Claim:   A crop duster sprayed boats on the Mississippi with a harmful substance on 19 October 2001, and another plane sprayed a Coast Guard post in Natchez on October 22.

Status:   False.

Origins:   Fears about deadly contaminations inflicted by the malicious upon whole populations are widespread. In the wake of the terrorist attacks of September 11 and the anthrax saga unfolding in Washington and New York, folks are adopting a watchful attitude towards events they previously wouldn't have questioned. Though vigilance is of course a good thing, too much of it can result in our jumping at shadows.

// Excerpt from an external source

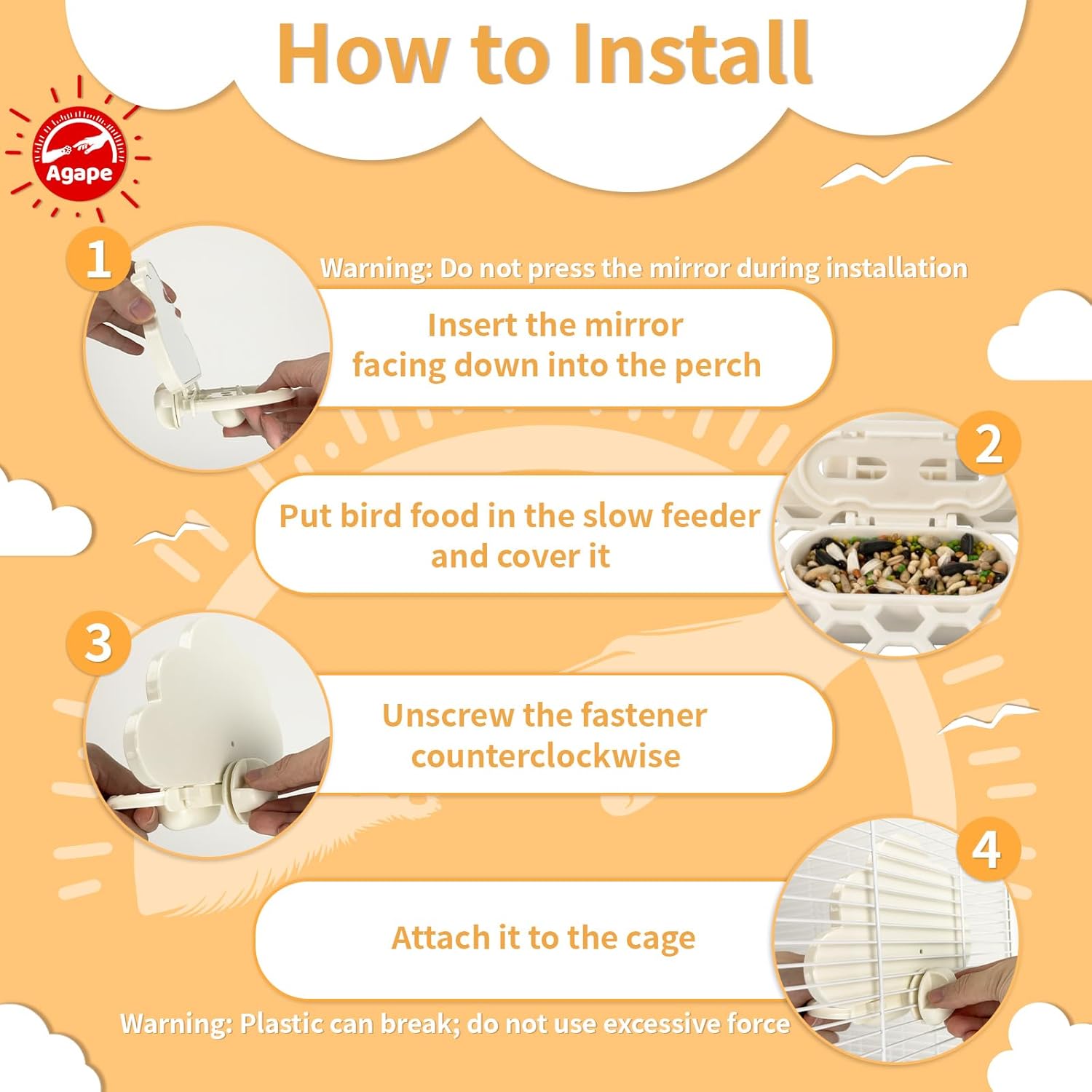 Agape Parakeet Mirror with Perch & Slow Feeder, Bird Cage Accessories for Small Parrots to Expend Energy, Bird Toys for Boredom&Anxiety, Interactive Toy for Cockatiel, Lovebird, Conure, Finch, Budgies

The news is rife with reports of mysterious powders found hither and yon, powders which turn out to be sugar, baby powder, soap flakes, artificial sweetener, or any of a number of inoffensive substances. Each find has to be investigated, and each time people have to be cleared from the area. Though ultimately truth proves out, the cost in terms of productivity and just plain old wear-and-tear on the emotions of the folks potentially exposed is immeasurable. Yet the climate of the times dictates that each spill must be viewed with suspicion, whereas in former, more innocent days, a dusting of white powder discovered on the counter in the employee break room would be presumed to be coffee creamer left behind by a hurried co-worker.

Two seemingly related instances supposedly involving crop dusters in Mississippi were of this shadow-jumping variety.

On October 19, 2001, the crew of a towboat plying the Mississippi River near Rosedale reported being sprayed by a low-flying plane with a light white substance or mist. Both the FBI and the Mississippi Department of Health were called in to investigate — the FBI to determine the origin and intent of the plane, the Department of Health to ascertain the nature of the substance. As a precaution, the crew was treated with Cipro, an antibiotic effective against anthrax, and quarantined for sixty
hours.

On October 22, a tiny Coast Guard post in Natchez, Mississippi (170 miles south of Rosedale), was reportedly dusted with fine white granules from a small plane. Two mysterious dustings within the space of days fueled concerns that yet another terrorist attack was underway.

Both incidents turned out to be mundane and ill intent absent. The towboat that had reported being deliberately sprayed down the length of the seventeen barges it had been pulling had actually been the recipient of a salutation from a passing plane. Investigators believe they have located the pilot of that aircraft and have determined that the substance emitted was only smoke. Crop dusters, which use smoke as navigation tools, sometimes spray smoke as a greeting to those below.

As for the Coast Guard post in Natchez, investigators found that the substance apparently was in the air before the plane flew over the area and was consistent with material often emitted by a nearby paper processing plant. The pilot of that plane — which was not a crop duster — just happened to be flying overhead and contacted authorities himself the next day.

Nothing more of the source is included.